Peserta juga dikenalkan pada pendekatan Pendidikan Kewargaan Global Kritikal atau Critical Global Citizenship Education (GCED). Melalui pendekatan ini siswa diajak menelaah fakta, mengenali prasangka, memahami akar ketidakadilan, dan menyusun tindakan yang bertanggung jawab.
Sesi khusus diberikan untuk literasi digital. Para guru dibekali cara membimbing siswa membedakan data, opini, stereotip, disinformasi, dan ujaran kebencian, terutama pada isu agama, identitas, dan konflik global. Siswa juga dilatih mencermati klaim, sumber, bukti, motif, dan peran algoritma sebelum meneruskan konten di media sosial.
Setelah pemaparan dan tanya jawab, peserta dibagi menjadi empat kelompok diskusi. Mereka membahas empat isu utama: perbedaan mazhab dan toleransi intraagama, stereotip serta pelabelan di sekolah, disinformasi keagamaan dan konflik global di media sosial, serta strategi menciptakan diskusi kelas yang aman dan inklusif.
Setiap kelompok memetakan bentuk masalah, akar penyebab, media penyebaran, dan dampaknya terhadap pembelajaran. Dari hasil diskusi, guru menyusun rencana tindak lanjut yang memuat tujuan pembelajaran, aktivitas guru dan siswa, prinsip GCED-ISRA, risiko yang diantisipasi, serta indikator keberhasilan.
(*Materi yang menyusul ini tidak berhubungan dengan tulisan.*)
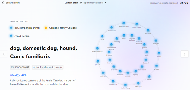 The graph on the right side of the page represents the IS-A hierarchy—also called supernomen-subnomen link chain—of concepts that descend from the root concept corresponding to the selected tab in the strip at the bottom of the page. The number of concepts that are displayed is indicated at the bottom left. It can be limited to a maximum value.
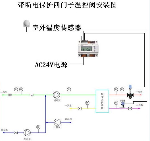 整個係統由室外溫度傳感器、西門子溫度控製器、西門子溫度(dù)調節閥執行器、西門子(zǐ)原裝閥體或同種(zhǒng)參數的國產閥體和傳感器以及循環泵等組成。
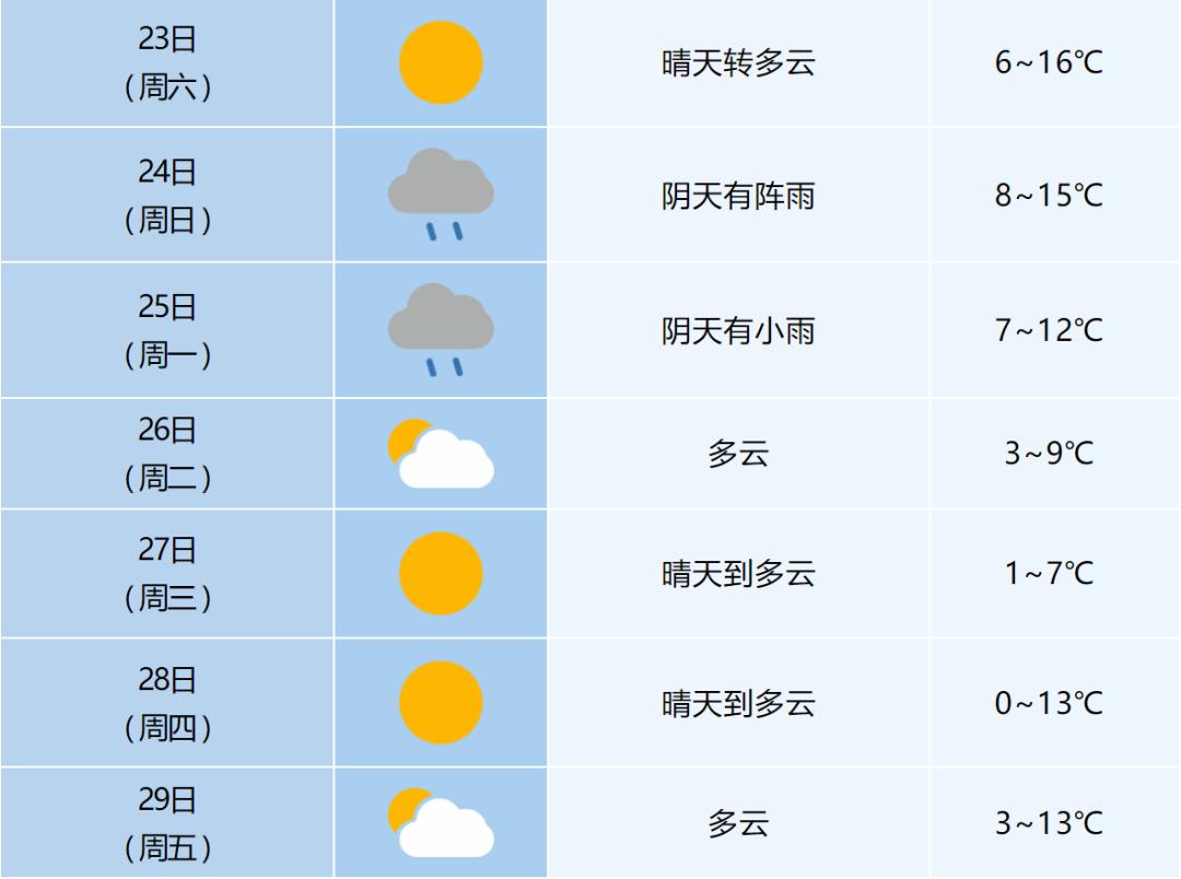 23日(周六):全省多云转阴天,江淮南部部分地区和江南部部分地区有小雨。

Hasilnya kemudian dipresentasikan dan mendapat umpan balik dari fasilitator.
Yusli menegaskan guru memiliki peran strategis sebagai penyampai pengetahuan, fasilitator dialog, pengelola isu sensitif, sekaligus teladan etis bagi siswa. “Guru perlu punya metode yang apik dan asik agar siswa bisa membahas perbedaan secara kritis tanpa saling menghakimi,” tegasnya.
Kegiatan ditutup dengan postes, refleksi, dan penyampaian komitmen tindak lanjut. Tim FISIP UB juga menyerahkan modul edukasi GCED-ISRA dan perangkat rencana aksi kelas yang dapat digunakan kembali. Modul tersebut memuat pengantar GCED dan ISRA, toleransi intraagama, etika dialog, literasi digital, studi kasus, serta rancangan aktivitas pembelajaran.
Melalui pendampingan ini, FISIP UB berharap para guru dapat terus merawat sekolah sebagai ruang aman bagi siswa untuk mendengarkan, memeriksa informasi, menghargai perbedaan, dan menyelesaikan persoalan tanpa kekerasan.